En otro orden de ideas se puede señalar que la Cuenca del Lago de Valencia, presenta un conjunto de problemas ambientales tales como: La expansión urbana, la concentración de industrias, la actividad agrícola, disponibilidad y calidad del agua, emisión de efluentes de origen industrial y domésticos (solamente el lago recibe alrededor de unos 360 millones de metros cúbicos de efluentes de origen industrial y domestico al año aproximadamente), la generación y disposición de residuos sólidos, la tala y quema, el desarrollo de de proyectos no sustentables y la falta de sensibilización entre otros, sin embargo en la actualidad quizás uno de los problemas ambientales más grave e importante de América  Latina, es el aumento de los niveles del Lago. Este conflicto se ha convertido en uno de los problemas más grave del país, cuyo costo social más significativo ha sido el desalojo de numerosas familias que habitaron, por más de veinte años, viviendas construidas en terrenos no aptos para usos urbanísticos.

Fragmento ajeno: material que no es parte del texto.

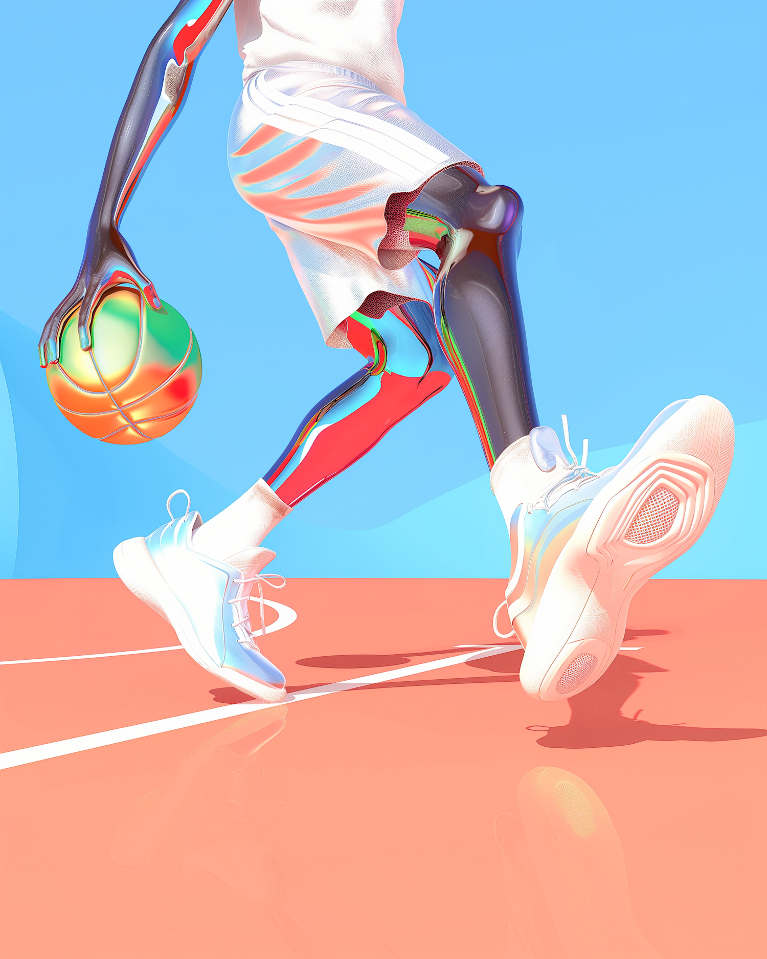 Futuristic basketball player with robotic limbs dribbling a colorful ball on a bright court under a clear blue sky.
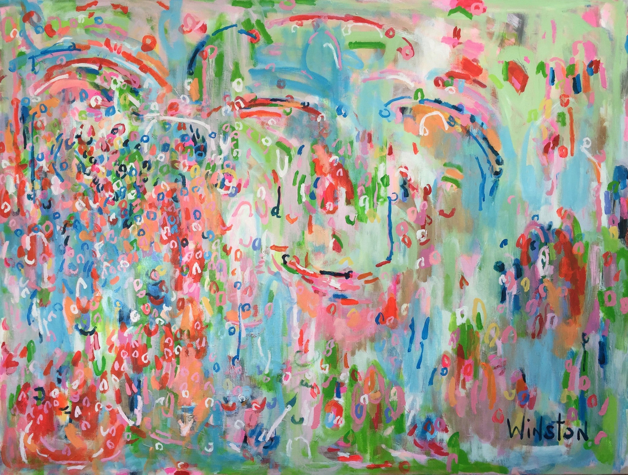 Winston Wiant is originally from Amelia Island, Florida, and full of southern charm. She brings her whimsical and witty delight to each and every painting. Having painted since childhood, she received a Bachelor of Arts degree in Studio Art at Brenau University and has been pursuing her love of art ever since. Her paintings are full of texture, using the palette knife and free brushstrokes to layer the paint, creating one energetic piece after another. She lives in Athens, GA, with her husband and two daughters and paints in her home studio. “Art to me is a form of self-expression. The way I feel that day reflects in my work. My love of bold color and texture is both distinctive and captivating.”
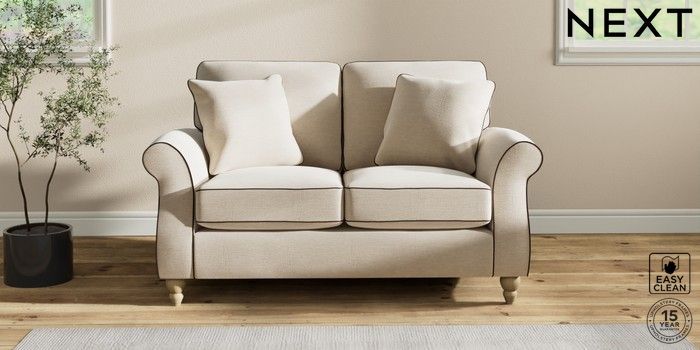 7.3.1 Buy Ashford 2 Seater Small Sofa Fine Chenille with Contrast Oyster and Chocolate Brown Low Turned - Light from the Seasons online shop Click here to use our website with more accessibility support, for example screen readers

Durante 1975 y 1980  fueron construidas muchas urbanizaciones  en terrazas cuyas cotas oscilaban entre los 410 y 415 msnm. Para esa época el nivel del lago era de 401 msnm; el cual fue en aumento progresivo, pasando por las cotas 408 en 1999, 410 en 2005 hasta alcanzar 412 en 2011,obligando a muchas familias desalojar sus viviendas a consecuencuencia de la inundación producto del incremento del nivel del lago.

El origen de este problema estuvo en la expansión urbano-industrial hacia las zonas no aptas para tales fines, contradiciendo los principios básicos del ordenamiento territorial, en particular en áreas como cuencas cerradas. Por otra parte el  incremento en el uso urbano-industrial de las tierras planas de la cuenca está estrechamente ligado a lo antes señalado toda vez que el estado Venezolano desde 1980 hasta la fecha ha estimulado la ocupación desordenada del territorio de la cuenca, principalmente en sus áreas planas, incidiendo en el aumento descontrolado de sus efluentes urbanos e industriales que unido al aporte de sus 22 ríos que tributan sus caudales de agua al lago, mas el aporte de agua derivado desde la cuenca del Pao-Cachinche, localizada en el vecino estado Cojedes, cuya importación para el año 1983 era de 7 metros cúbicos/segundo y para el año 2011 está por encima de los 16, es decir en tan solo tres décadas los planificadores del desarrollo urbano-industrial de este ecosistema estimularon mas del100% el abastecimiento de agua para tales fines, sin considerar las consecuencias negativas que tal decisión traería para la gente que hoy vive un drama humano impresionante. Por otra parte para 1982, se contabilizaban unas 1300 industrias que tenían asiento en la cuenca del lago y alrededor de 150 utilizaban agua en sus procesos industriales, incluyendo fabricas de pinturas, papeles, cervecerías, productos químicos, fármacos y de plástico, entre otras cuyos efluentes con alta concentración de metales pesados y otras  sustancias toxicas son vertidos directa o indirectamente al lago.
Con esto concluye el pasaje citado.